» **Recorded information**

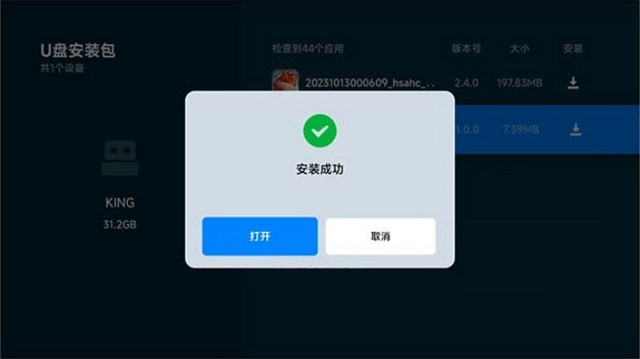 3、把U盘插到电视或者电视盒子上,然后选择【电视管家】。
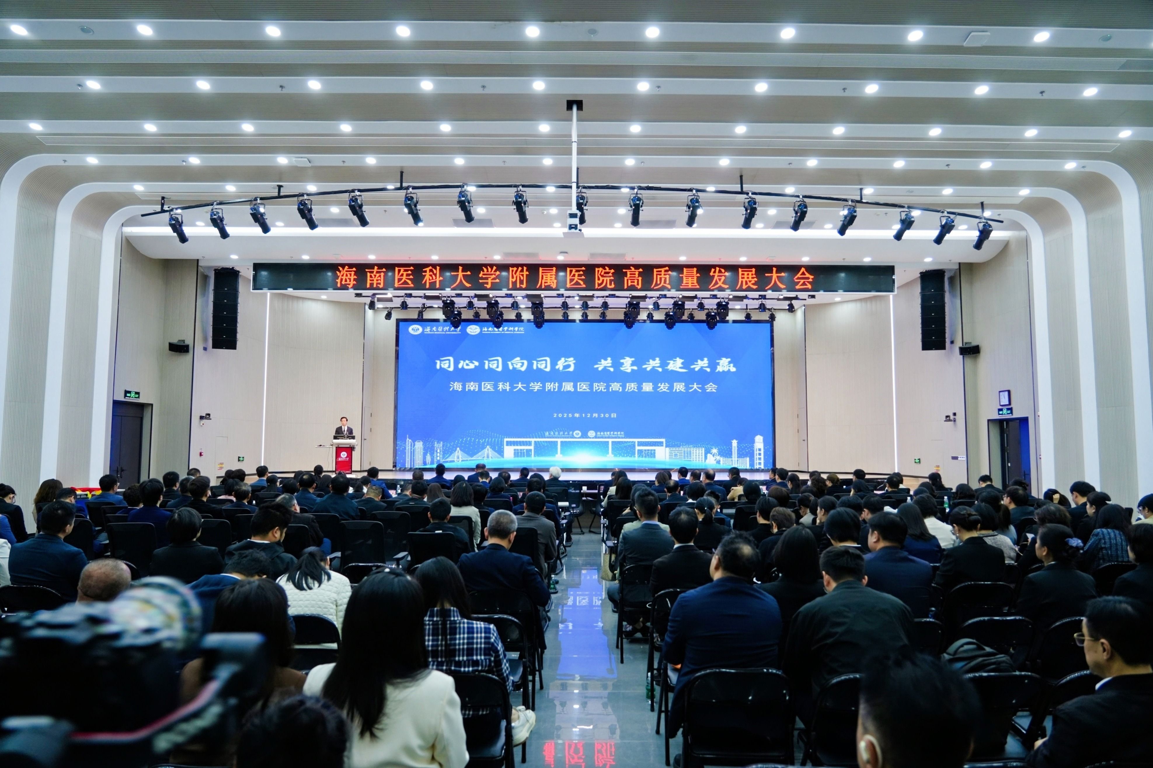 12月30日上午,海南医科大学附属医院高质量发展大会在立言厅召开。海南省人民政府教育总督学李渝凤、海南省卫生健康委员会副主任李娟、中南大学副校长吕奔、上海益中亘泰股份有限公司执行副总裁宋天骏以及学校全体在校领导出席会议。学校全体中层干部、各附属医院领导班子成员、相关科室负责人、医护员工代表与教师代表等参加会议。会议先后由副校长贾彬、曾敏主持。
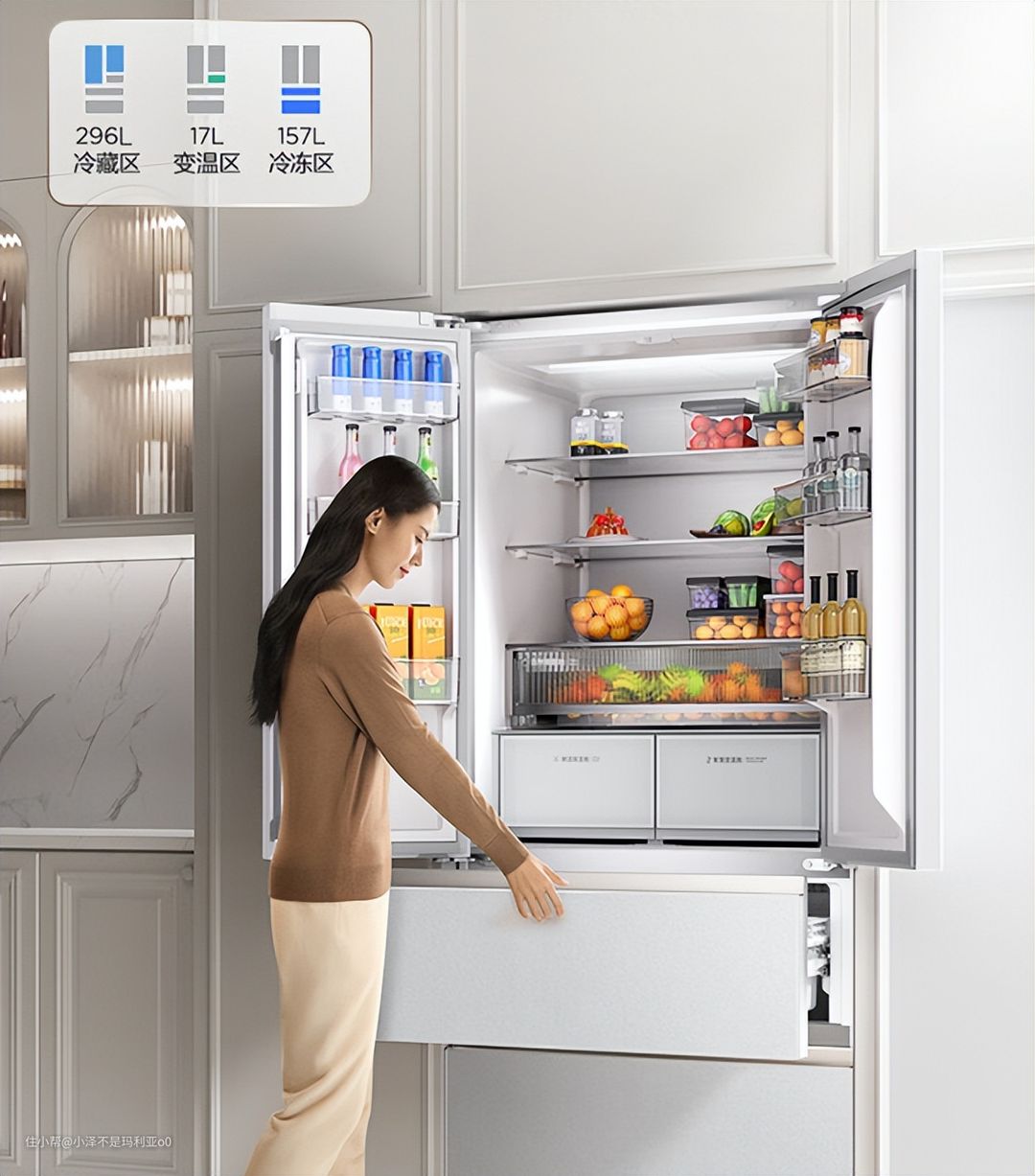 540L的超大容量加上法式格局,让空间利用更加合理。19个精细化分区,食材储存更科学;加大加宽的抽屉设计就是放进去一只羊也能轻轻松松~
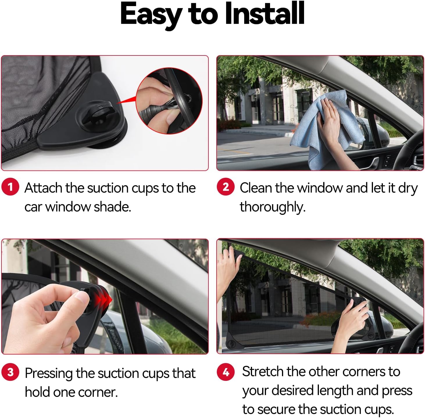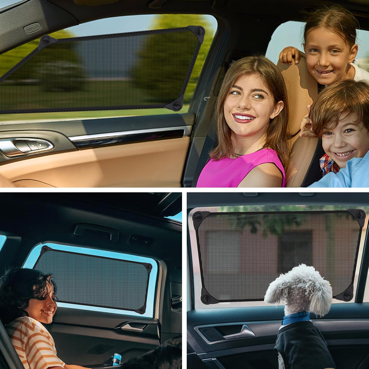 【Visibility & Safety】Designed with a semi-transparent mesh, these shades block sun glare while still allowing you to see clearly through the windows. This ensures safety on the road without sacrificing visibility, perfect for car journeys.
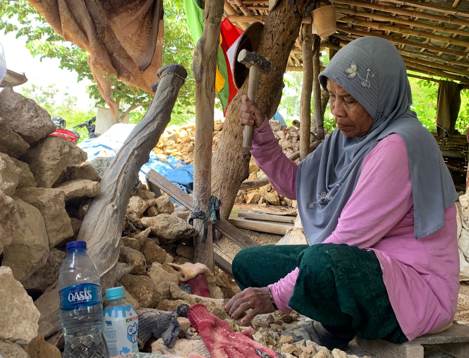 Perempuan janda yang memiliki satu anak itu mengaku sudah sudah 10 tahun menekuni pekerjaan itu. Meski tak seperti laki-laki, tetapi dia tetap kuat memecah batu besar hingga kecil.
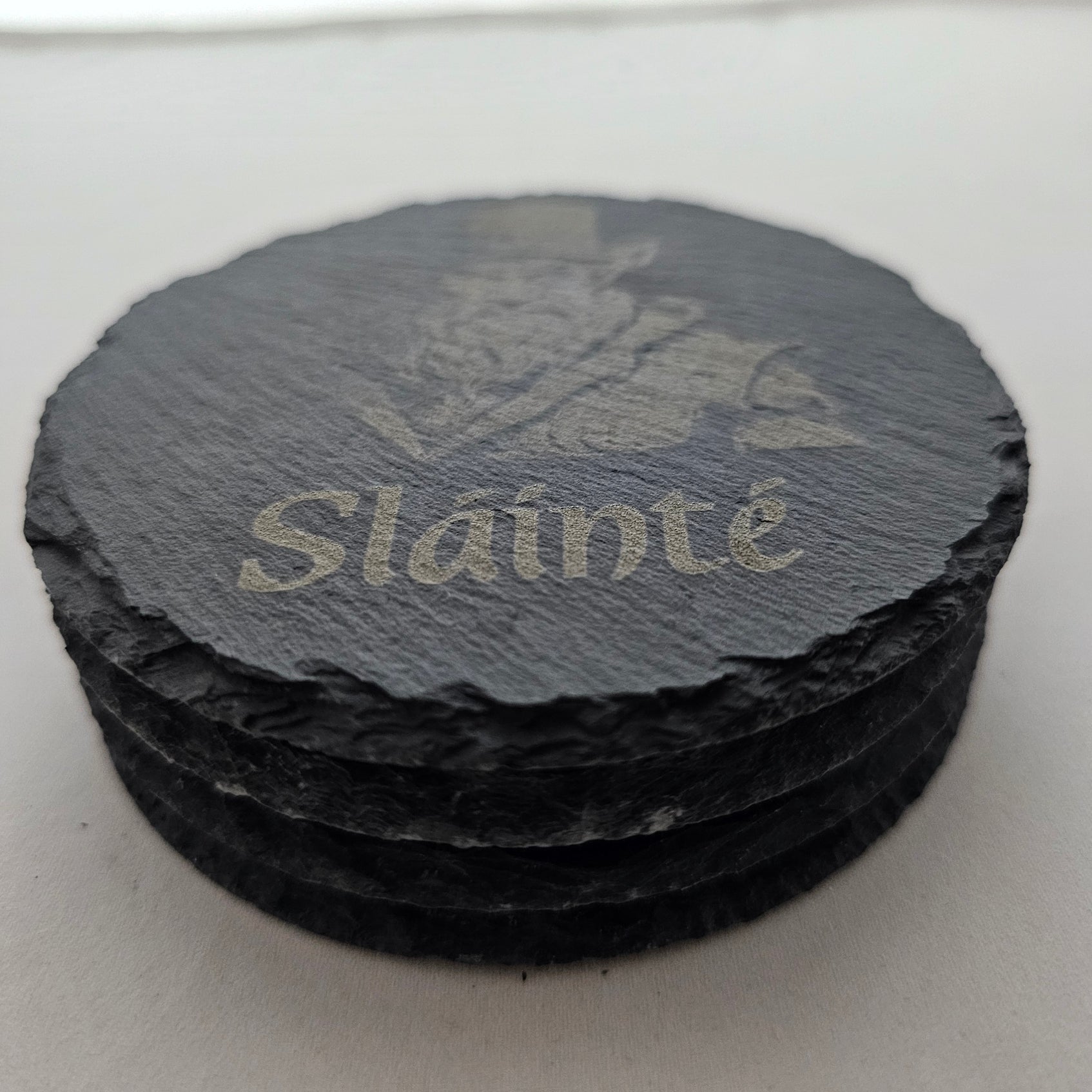Custom Laser Engraved Slate Coaster Set – 4 Inch Round (Set of 4)
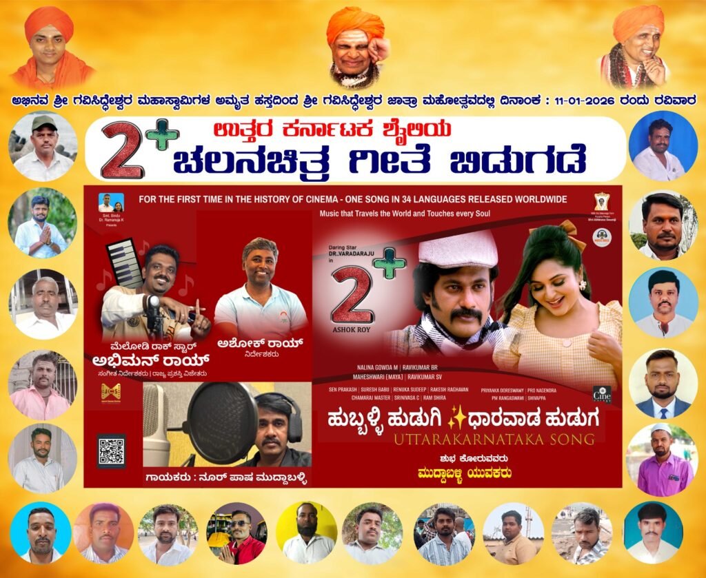 2 ಪ್ಲೆಸ್ ಕನ್ನಡ ಚಲನಚಿತ್ರದ ಧ್ವನಿ ಸುರುಳಿ ಕೊಪ್ಪಳದ ಗವಿಸಿದ್ದೇಶ್ವರ ಮಹಾಸ್ವಾಮಿಗಳಿಂದ ಬಿಡುಗಡೆ…
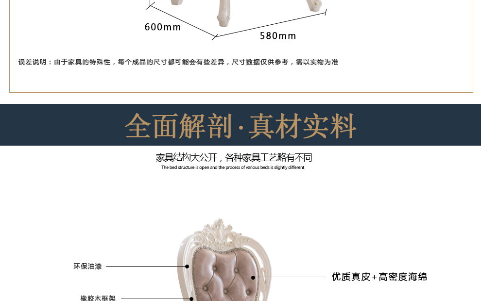 千匠一品法式风格精选优质橡胶木餐椅909-H

» **What you will do**
Hand back all the entries exactly, leaving out the pictures.

» **Exercise solution**
 3、把U盘插到电视或者电视盒子上,然后选择【电视管家】。
 12月30日上午,海南医科大学附属医院高质量发展大会在立言厅召开。海南省人民政府教育总督学李渝凤、海南省卫生健康委员会副主任李娟、中南大学副校长吕奔、上海益中亘泰股份有限公司执行副总裁宋天骏以及学校全体在校领导出席会议。学校全体中层干部、各附属医院领导班子成员、相关科室负责人、医护员工代表与教师代表等参加会议。会议先后由副校长贾彬、曾敏主持。
 540L的超大容量加上法式格局,让空间利用更加合理。19个精细化分区,食材储存更科学;加大加宽的抽屉设计就是放进去一只羊也能轻轻松松~
 【Visibility & Safety】Designed with a semi-transparent mesh, these shades block sun glare while still allowing you to see clearly through the windows. This ensures safety on the road without sacrificing visibility, perfect for car journeys.
 Perempuan janda yang memiliki satu anak itu mengaku sudah sudah 10 tahun menekuni pekerjaan itu. Meski tak seperti laki-laki, tetapi dia tetap kuat memecah batu besar hingga kecil.
Custom Laser Engraved Slate Coaster Set – 4 Inch Round (Set of 4)
 2 ಪ್ಲೆಸ್ ಕನ್ನಡ ಚಲನಚಿತ್ರದ ಧ್ವನಿ ಸುರುಳಿ ಕೊಪ್ಪಳದ ಗವಿಸಿದ್ದೇಶ್ವರ ಮಹಾಸ್ವಾಮಿಗಳಿಂದ ಬಿಡುಗಡೆ…
 千匠一品法式风格精选优质橡胶木餐椅909-H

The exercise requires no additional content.